Guide

Define the table

Inherite the Table class and define the columns as attributes with the type hints. Some advanced configuration can be done by using the typing.Annotated.

Choose a primary key

  • PrimaryKeyAutoIncrease: generate an auto-incrementing integer as the primary key

  • PrimaryKeyUUID: use uuid7 as the primary key, suitable for distributed systems or general purposes

  • int or str: insert the key manually

Configure the Index

The default index is suitable for small datasets (less than 100k). For larger datasets, you can customize the index configuration by using the typing.Annotated with:

DenseVector = Vector[768]

class MyTable(Table, kw_only=True):
    uid: PrimaryKeyUUID = msgspec.field(default_factory=PrimaryKeyUUID.factory)
    vec: Annotated[DenseVector, VectorIndex(lists=128)]
    text: str

Tip

If you need to use a customized tokenizer, please refer to the VectorChord-bm25 document.

JSONB

If you want to store a JSONB column, you can define like:

from psycopg.types.json import Jsonb

class MyJsonTable(Table, kw_only=True):
    uid: PrimaryKeyUUID = msgspec.field(default_factory=PrimaryKeyUUID.factory)
    json: JSONB

item = MyJsonTable(json=Jsonb({"key": "value"}))

Inject with decorator

The decorator inject() can be used to load the function arguments from the database and dump the return values to the database.

To use this decorator, you need to specify at least one of the input or output with the table class you have defined.
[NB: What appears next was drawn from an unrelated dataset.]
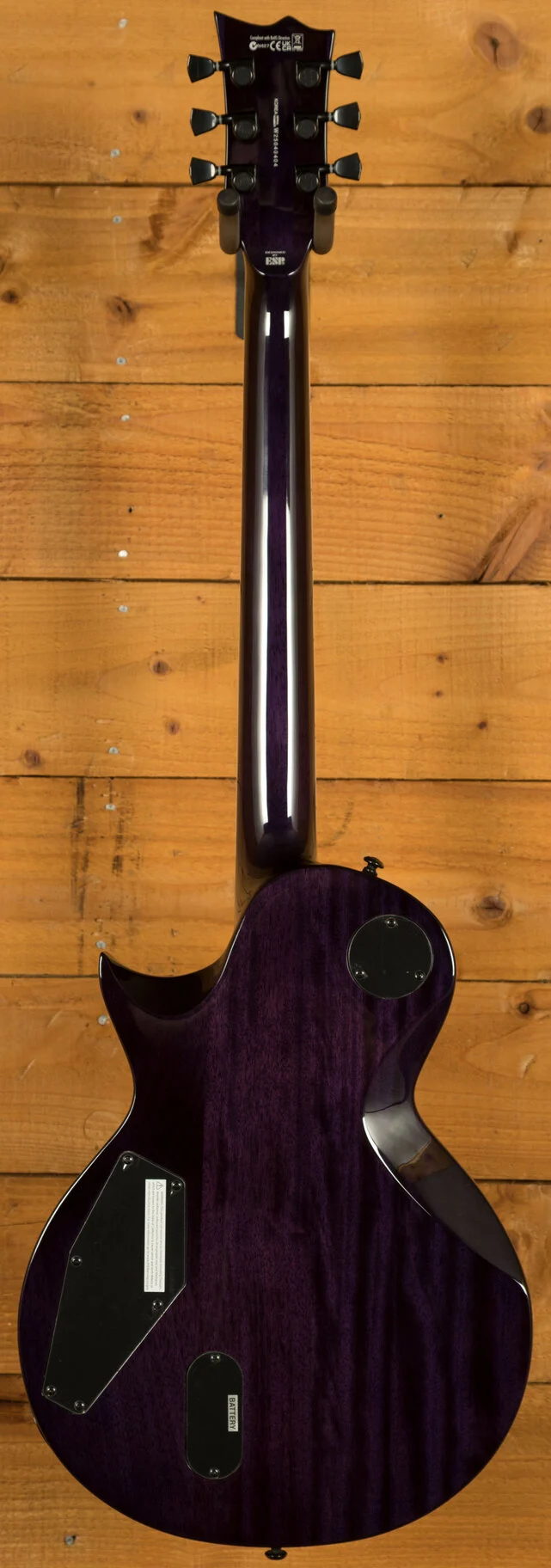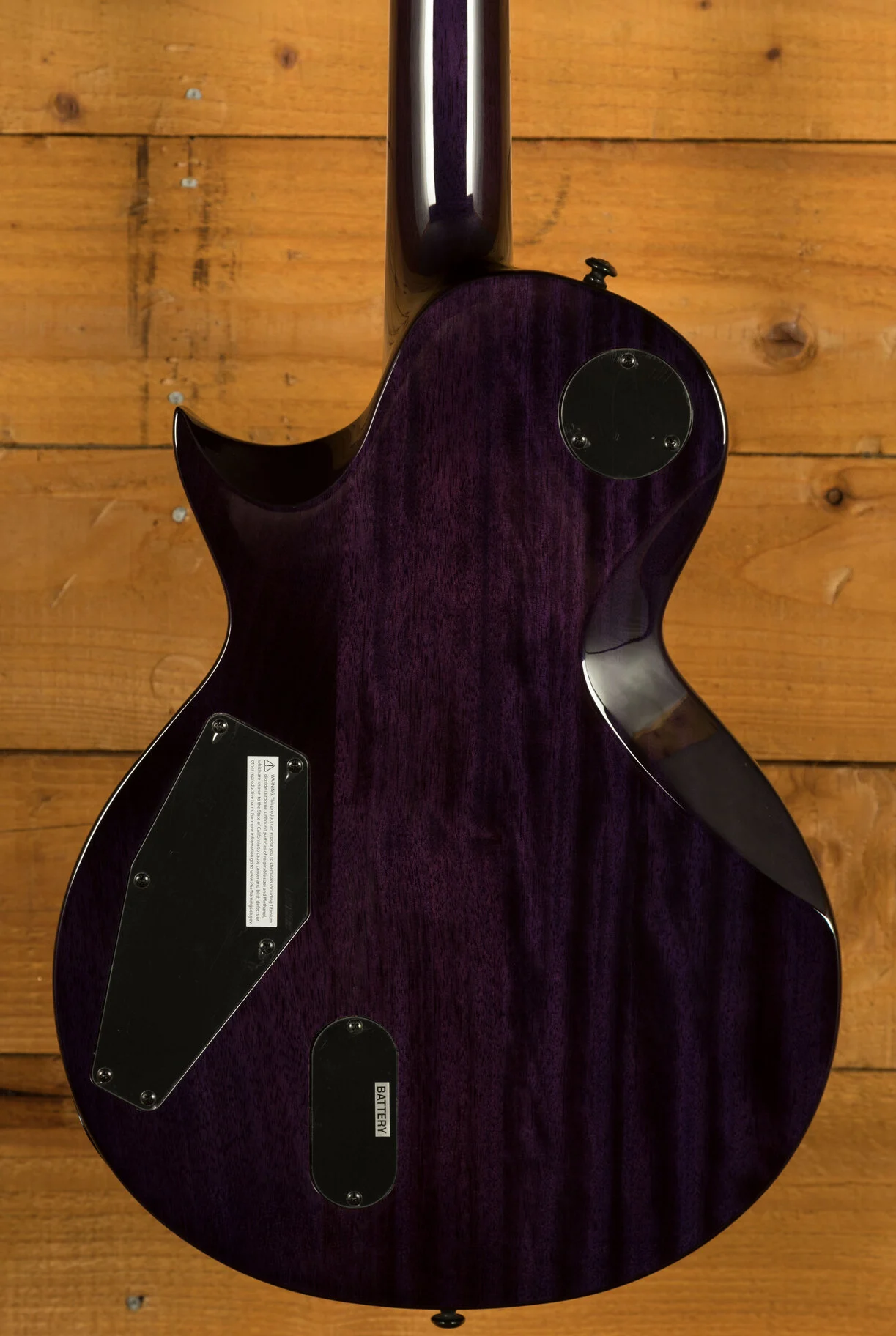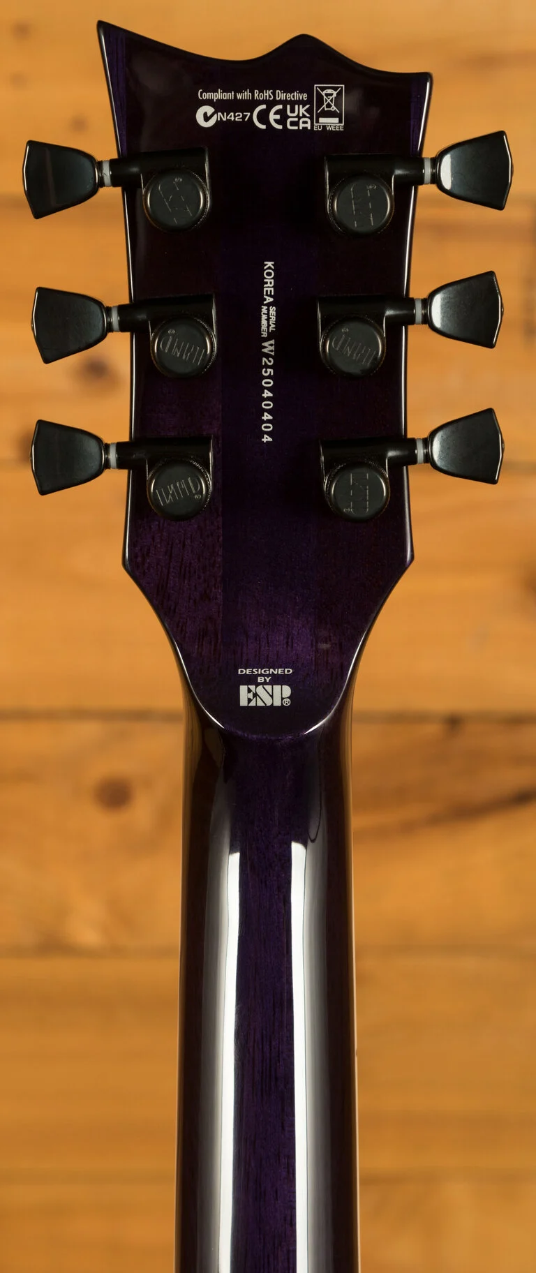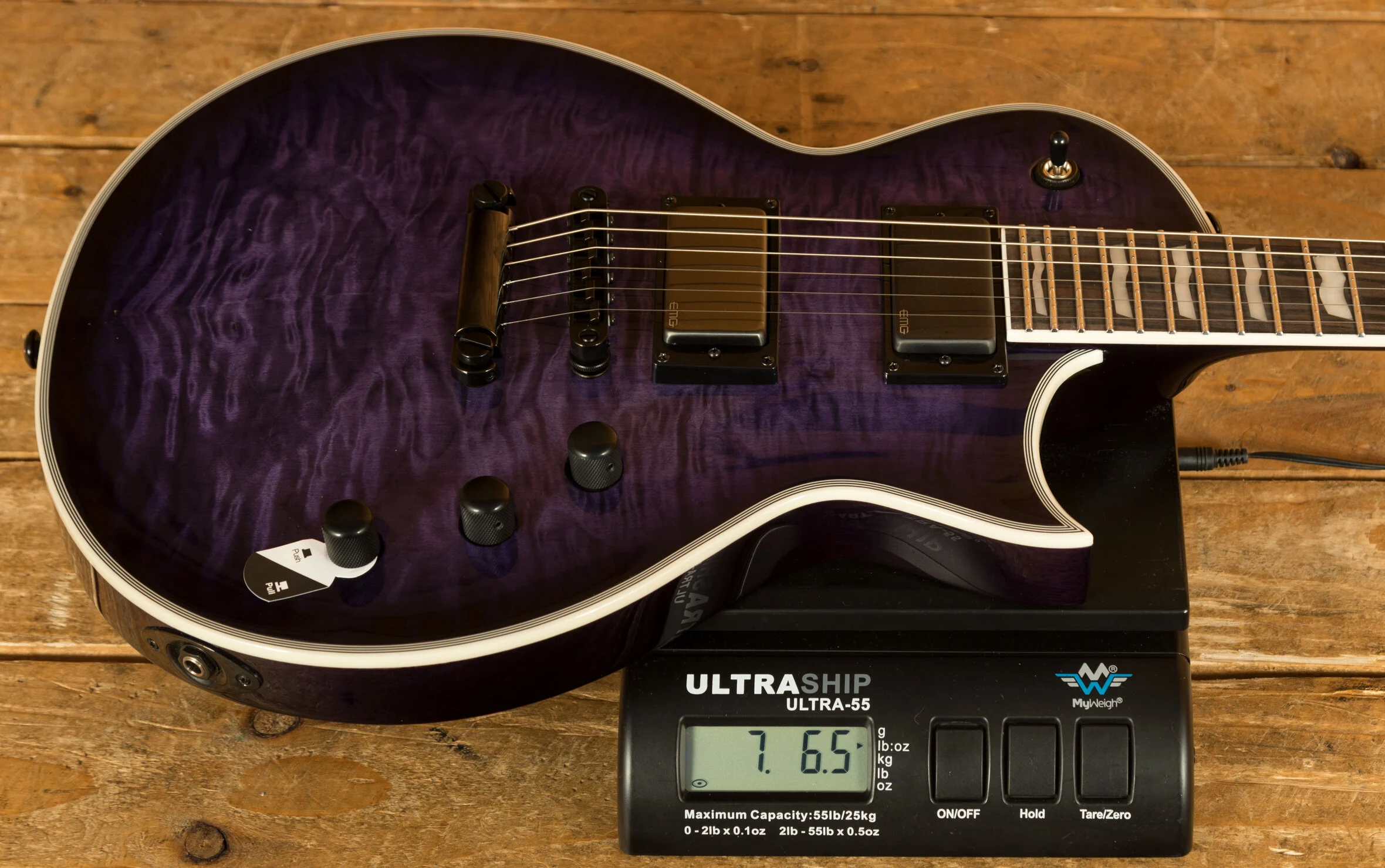 The ESP LTD EC-1000 in See Thru Purple Sunburst is a premium singlecut built for high-gain performance and refined playability. With a quilted maple top over a mahogany body, it delivers rich resonance and striking visual appeal. The set-thru mahogany neck and Macassar ebony fretboard provide excellent sustain and fast access across all 24 frets.

  • input=Type[Table]: will load the specified columns rom the database and inject the data to the decorated function arguments

    • if input=None, the function will need to pass the arguments manually

  • output=Type[Table]: will dump the return values to the database (will also need to annotate the return type with the provided table class or a list of the table class)

    • if output=None, you can get the return value from the functiona call

The following example uses the pre-defined tables:

from uuid import UUID
import httpx
from vechord.registry import VechordRegistry
from vechord.extract import SimpleExtractor
from vechord.embedding import GeminiDenseEmbedding
from vechord.spec import DefaultDocument, create_chunk_with_dim

DefaultChunk = create_chunk_with_dim(768)
vr = VechordRegistry(namespace="test", url="postgresql://postgres:postgres@127.0.0.1:5432/")
vr.register([DefaultDocument, DefaultChunk])
extractor = SimpleExtractor()
emb = GeminiDenseEmbedding()


@vr.inject(output=DefaultDocument)
def add_document(url: str) -> DefaultDocument:
    with httpx.Client() as client:
        resp = client.get(url)
        text = extractor.extract_html(resp.text)
        return DefaultDocument(title=url, text=text)


@vr.inject(input=Document, output=DefaultChunk)
def add_chunk(uid: UUID, text: str) -> list[DefaultChunk]:
    chunks = text.split("\n")
    return [DefaultChunk(doc_id=uid, vec=emb.vectorize_chunk(t), text=t) for t in chunks]


for url in ["https://paulgraham.com/best.html", "https://paulgraham.com/read.html"]:
    add_document(url)
add_chunk()

Select/Insert/Delete

We also provide some functions to select, insert and delete the data from the database.

docs = vr.select_by(DefaultDocument.partial_init())
vr.insert(DefaultDocument(text="hello world"))
vr.copy_bulk([DefaultDocument(text="hello world"), DefaultDocument(text="hello vector")])
vr.remove_by(DefaultDocument.partial_init())

Transaction

Use the VechordPipeline to run multiple functions in a transaction.

This also guarantees that the decorated functions will only load the data from the current transaction instead of the whole table. So users can focus on the data processing part.

pipeline = vr.create_pipeline([add_document, add_chunk])
pipeline.run("https://paulgraham.com/best.html")

Access the cursor

If you need to change some settings or use the cursor directly:

vr.client.get_cursor().execute("SET vchordrq.probes = 100;")